Я заерзал. Знаете, сказал я, здесь что-то душно, накурено. Хотите, пойдем к Аристотелю, там и договорим? Знаешь, сказал Кляузевиц, может, молчание и слова — одно и то же, но идти и сидеть на месте — разные вещи. Так что вот я сейчас встану и побегу. Там обед будет, сказал Давыдофф. Обед! сказал Кляузевиц. Папа теперь путается с вегетарианцами. Что может дать уму или сердцу картофельный салат? Кто такой Аристотель? спросил мальчик. Важный дядька? Да, сказал я. Это такой важный дядька, который всё знает и у которого все обедают. Давай, Карл, поднимайся. Идем, Гришенька.

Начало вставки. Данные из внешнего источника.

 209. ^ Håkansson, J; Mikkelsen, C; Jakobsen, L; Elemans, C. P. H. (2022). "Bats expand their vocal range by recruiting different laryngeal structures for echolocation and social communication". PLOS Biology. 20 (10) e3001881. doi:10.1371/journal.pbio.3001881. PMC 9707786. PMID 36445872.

Я так торопился его увести, что забыл о том страшном зрелище, которое ждало нас у Аристотеля. А ведь он звонил. Приглашал, предупреждал.

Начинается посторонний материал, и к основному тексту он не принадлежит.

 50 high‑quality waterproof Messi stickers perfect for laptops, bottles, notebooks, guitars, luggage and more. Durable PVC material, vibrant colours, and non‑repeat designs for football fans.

Многие из моих знакомых похвалялись тем, что водили дружбу с признанными вождями нашего лучшего из всех возможных века: отцами мысли, столпами искусства, провозвестниками оставшихся в прошлом бурь. Я предпочитал ходить к перипатетикам, хотя и знал, что старики давно стали посмешищем для интеллектуальной тусовки, особенно с тех пор, как увлеклись облагороженным на цивилизованный манер дзен-буддизмом. Теперь в особые лунные дни они выходили на набережную перед Академией Художеств и медитировали рядом со Сфинксами, причем одни предпочитали возводить очи горе, а другие, мистики, — опускать долу. В большинстве своем это были тихие, безвредные люди, и Сфинксы не возражали. Один Аристотель, не могущий забыть о былом своем величии в роли воспитателя покорившего мир Александра Македонского, держался склочником. Неутомимый, не терпящий возражений, деятельно-мстительный, он ни у кого ничего не просил и всех ненавидел, а если кого и любил, то странной любовью. Познакомились мы самым прозаическим образом: я не сдал ионийский диалект у профессора Соболевского, перепутав формы аориста у двух глаголов-близнецов (один из которых означал «смешивать воду с вином», а другой — «разбавлять вино водой»), и профессор Соболевский сказал мне, что с таким вопиющим незнанием греческих глаголов (подумать только, «смешивать» и «разбавлять»!) нужно посещать не Университет, а близрасположенную ремесленную школу. Хороший кровельщик обществу полезнее, чем недоучка-филолог, назидательно изрек профессор, возвращая мне пустую зачетку. А недоучка-филолог опаснее пистолета. После экзамена я сидел на скамейке перед парадным подъездом факультета, печальный и трепетный, как впряженная в телегу лань. В этом трагическом положении и заклеил меня папа всей новой философии, специально, как потом выяснилось, приходивший в полуденные часы к Университету, чтобы набирать себе учеников из числа нерадивых студентов. Он был бодр, подтянут, убедителен и имел достаточно крепкие зубы, чтобы не обломать их о черствый хлеб репетиторства, который глодал с неослабевающей энергией. Одно время его звали преподавать теорию знаковых систем на кафедру Лингвофилософии и курс аналитик на кафедру Логики, но звали не настойчиво, да и он со своей стороны не настаивал, не сочтя за благо общение с молодыми наглецами приват-доцентами в первом случае и получившим должность завкафедрой Б. Спинозой, человеком буржуазного, как выразился папа, склада — во втором.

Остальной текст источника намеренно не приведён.